● WHAT IS BEING ASKED:
Pictures aside, reproduce exactly and only the lines below, starting at the one containing "With a safari" and ending at the last line.

● DATA EXTRACT:
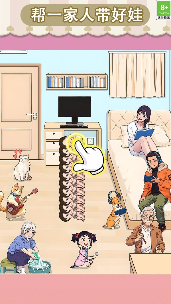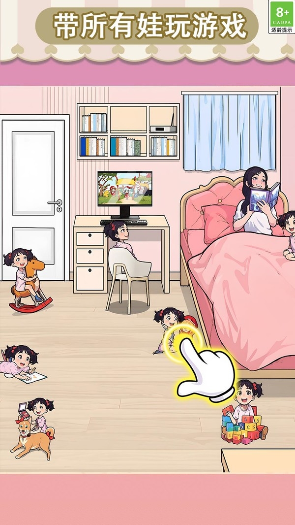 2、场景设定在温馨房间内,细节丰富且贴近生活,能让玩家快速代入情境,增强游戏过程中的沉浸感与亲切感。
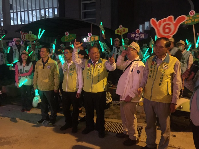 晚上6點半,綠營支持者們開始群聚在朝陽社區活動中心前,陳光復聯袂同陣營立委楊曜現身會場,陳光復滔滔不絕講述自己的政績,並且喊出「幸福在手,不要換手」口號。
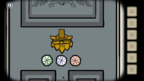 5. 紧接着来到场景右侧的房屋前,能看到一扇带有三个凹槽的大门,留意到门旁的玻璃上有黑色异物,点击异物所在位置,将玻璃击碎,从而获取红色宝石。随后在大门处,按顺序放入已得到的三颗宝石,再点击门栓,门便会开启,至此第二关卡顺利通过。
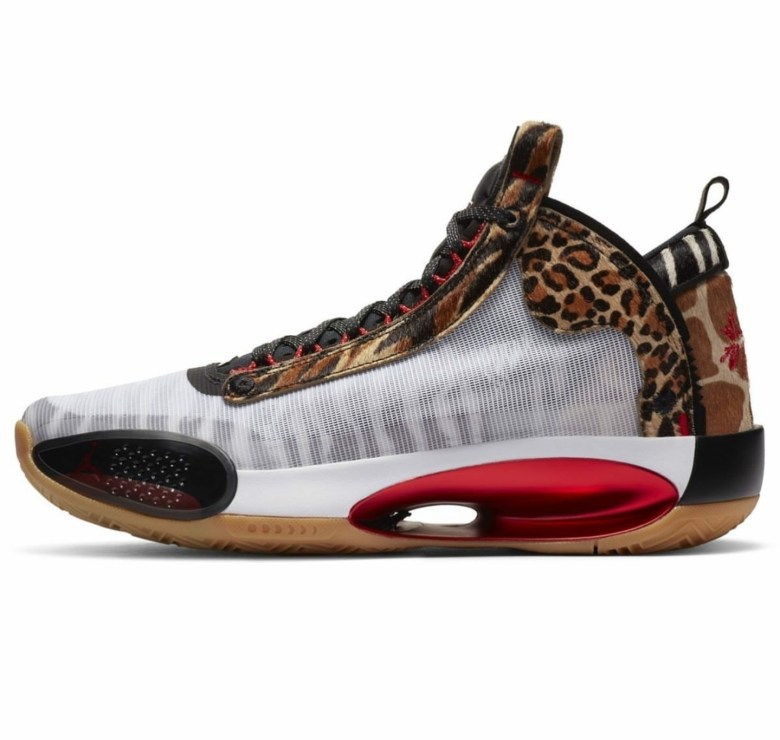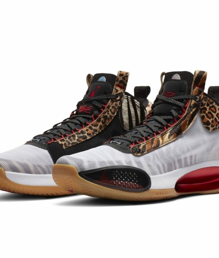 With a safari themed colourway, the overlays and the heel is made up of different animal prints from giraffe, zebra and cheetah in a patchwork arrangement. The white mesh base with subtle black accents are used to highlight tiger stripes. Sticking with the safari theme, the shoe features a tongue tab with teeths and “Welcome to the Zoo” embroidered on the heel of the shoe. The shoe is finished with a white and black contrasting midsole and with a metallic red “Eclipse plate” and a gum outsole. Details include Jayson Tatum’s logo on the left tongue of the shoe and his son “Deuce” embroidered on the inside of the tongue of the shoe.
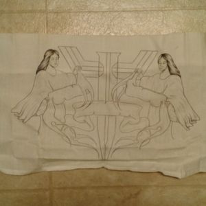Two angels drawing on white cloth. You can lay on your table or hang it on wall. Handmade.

● EXERCISE ANSWER:
 With a safari themed colourway, the overlays and the heel is made up of different animal prints from giraffe, zebra and cheetah in a patchwork arrangement. The white mesh base with subtle black accents are used to highlight tiger stripes. Sticking with the safari theme, the shoe features a tongue tab with teeths and “Welcome to the Zoo” embroidered on the heel of the shoe. The shoe is finished with a white and black contrasting midsole and with a metallic red “Eclipse plate” and a gum outsole. Details include Jayson Tatum’s logo on the left tongue of the shoe and his son “Deuce” embroidered on the inside of the tongue of the shoe.
Two angels drawing on white cloth. You can lay on your table or hang it on wall. Handmade.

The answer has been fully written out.